11Mais le plus important n’est pas là : l’analyse que mènent Descartes et les philosophes qui vont suivre conduit à opérer progressivement une distinction capitale entre la vision et le regard. Descartes est aussi l’auteur du fameux : « Je pense donc je suis. » En plaçant le sujet au cœur de sa réflexion et le doute méthodique sur tout ce que nous percevons, il inscrit un écart irréductible entre les deux pôles de la perception, le sujet voyant et le monde qui se donne à voir. Il ne suffit pas qu’une réalité soit visible pour qu’elle existe ; encore faut-il que je la regarde ou bien qu’elle me regarde, au sens où elle attire mon attention et la conditionne. Le regard se détache alors de la vision proprement dite, comme élément tiers qui à la fois rend la vision possible et l’influence, et il prend trois significations différentes selon les trois phases de la vision qui ont été distinguées précédemment : ou bien il s’agit de la qualité même du visible dès lors qu’il attire ou sollicite ma vision, comme dans la préhistoire. Ou bien c’est l’appareil grâce auquel je parviens à voir les choses, – l’œil, le cerveau ou les instruments d’optique en tous genres qui, selon les cas, doublent, complètent ou perturbent mes capacités visuelles, comme l’ont très bien repéré Ibn al-Haytham et Kepler [10]. Ou bien enfin on entend par regard la façon propre qu’a le sujet de voir les choses, car on ne les perçoit pas de la même manière selon l’état d’esprit dans lequel on est et l’univers mental auquel on appartient. Ceci dit, compte tenu de la découverte de son rôle déterminant, c’est le regard au second sens du terme, celui de l’appareil conditionnant la vision qui va d’abord occuper le devant de la scène durant les deux siècles suivants (Havelange, 1998).

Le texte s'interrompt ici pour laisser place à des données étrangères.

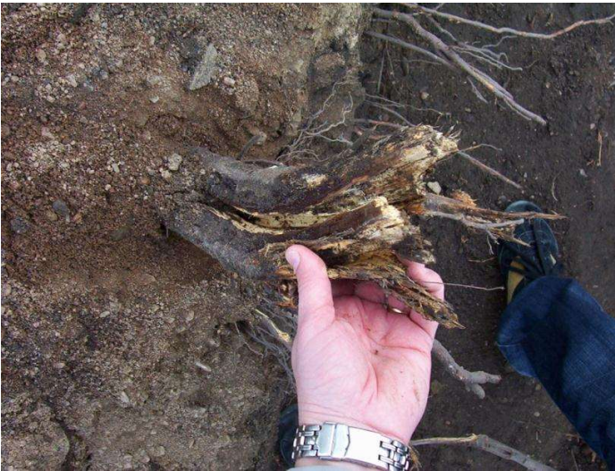
Stor fläk skadad rot beskärs med ett rent snitt.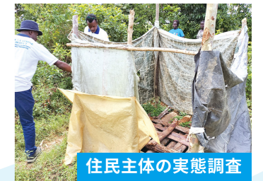
住民主体の実態調査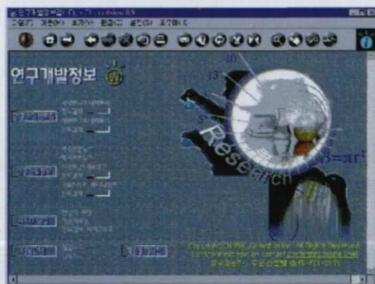
〈그림 4〉 연구개발정보 초기화면

98년 3월말 현재 46,368건이 등록되어 있으며 프로그램별, 저작자별, 적용분야별, 주요기능별, 등록기간별 등으로 검색할 수 있다. 또한 지적재산권에 관한 법령, 판례, 용어해설, 법해설, 자료실, 상담실, 최신뉴스동향 등이 서비스된다.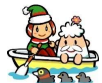
ひゃっこちゃん・ひやくさいくん

※花便りに関するご質問は、井の頭恩賜公園案内所(Tel.0422-47-6900)までお問い合わせください。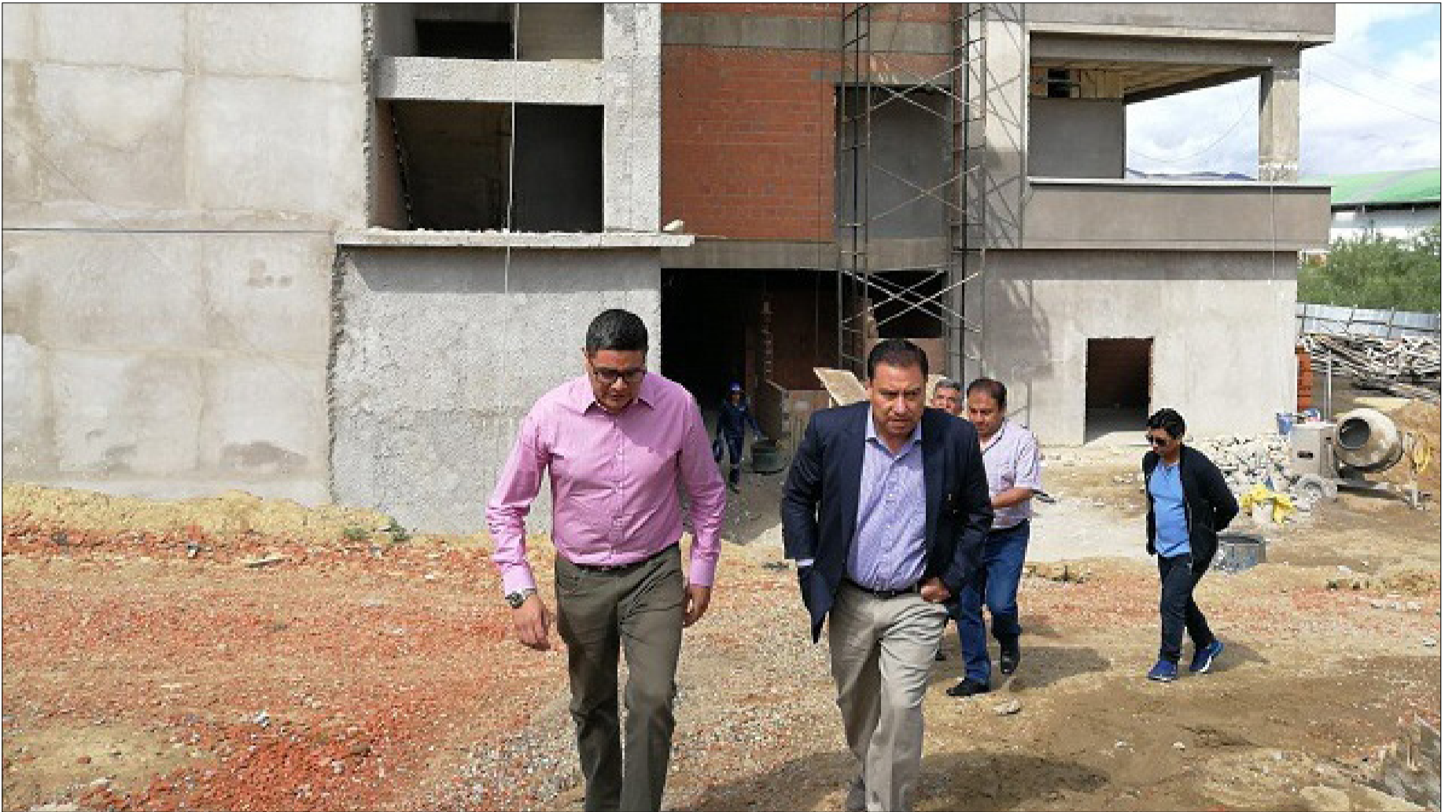
A PESAR DE LAS GESTIONES DESPLEGADAS, EL ONCOLÓGICO SIGUE A MEDIAS.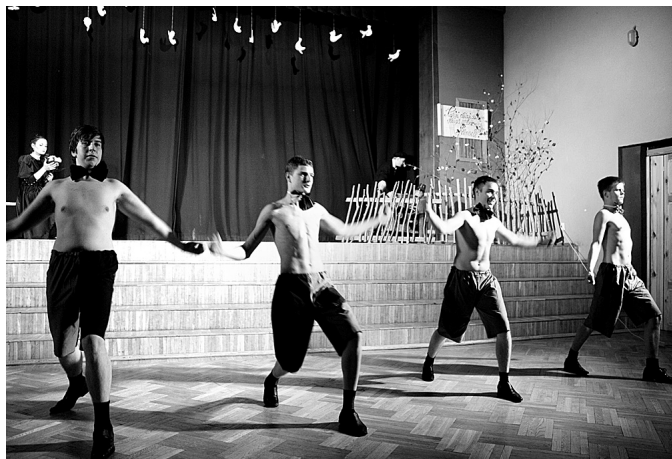
Puišu izpildītā dejas «Genoveva» izpelnījās skatītāju atzinību.

K. ANTONOVA, Misas vidusskolas 12. klases skolniece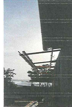
Foto2: Colocación de lámina croquelada, en el frente de la dirección.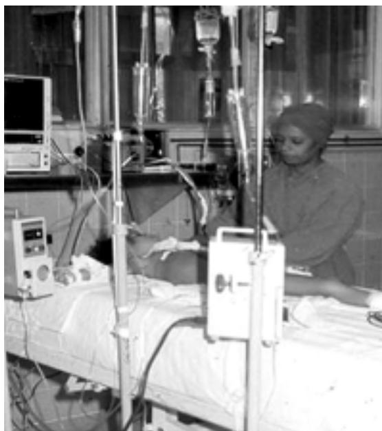
Fig. 6. Paciente pediátrico ventilado y monitorizado. Sala de Terapia Intensiva. Hospital "William Soler" (1982).

y Pan América en 14 años de trabajo, el 1,38 % de los ingresos del hospital fueron en esa unidad y el 9,34 % de los fallecidos fueron en la Terapia Intensiva. La mortalidad en UTIP fue de un 19,9 %.

12Ce regard, on l’incarne en effet dans la réalité sous ses formes dérivées les plus sophistiquées : c’est le triomphe des appareils d’optique et de la fantasmagorie (Milner, 1982). Les anciens n’avaient pas conscience qu’ils voyaient tout à travers le prisme de leurs préjugés et de leurs croyances, – celui-ci demeure toujours à l’œuvre d’une manière ou d’une autre, mais il se trouve désormais critiqué et corrigé grâce aux nombreux instruments qui nous permettent d’appréhender le réel et de dissiper nos erreurs. Au regard du préjugé s’oppose désormais le regard neutre et objectif du savant qui s’étaie sur des instruments efficaces. Freud lui-même n’aura de cesse qu’il n’ait mis au point un appareil pour rendre compte de la façon dont fonctionne notre vie psychique et conditionne notre être au monde.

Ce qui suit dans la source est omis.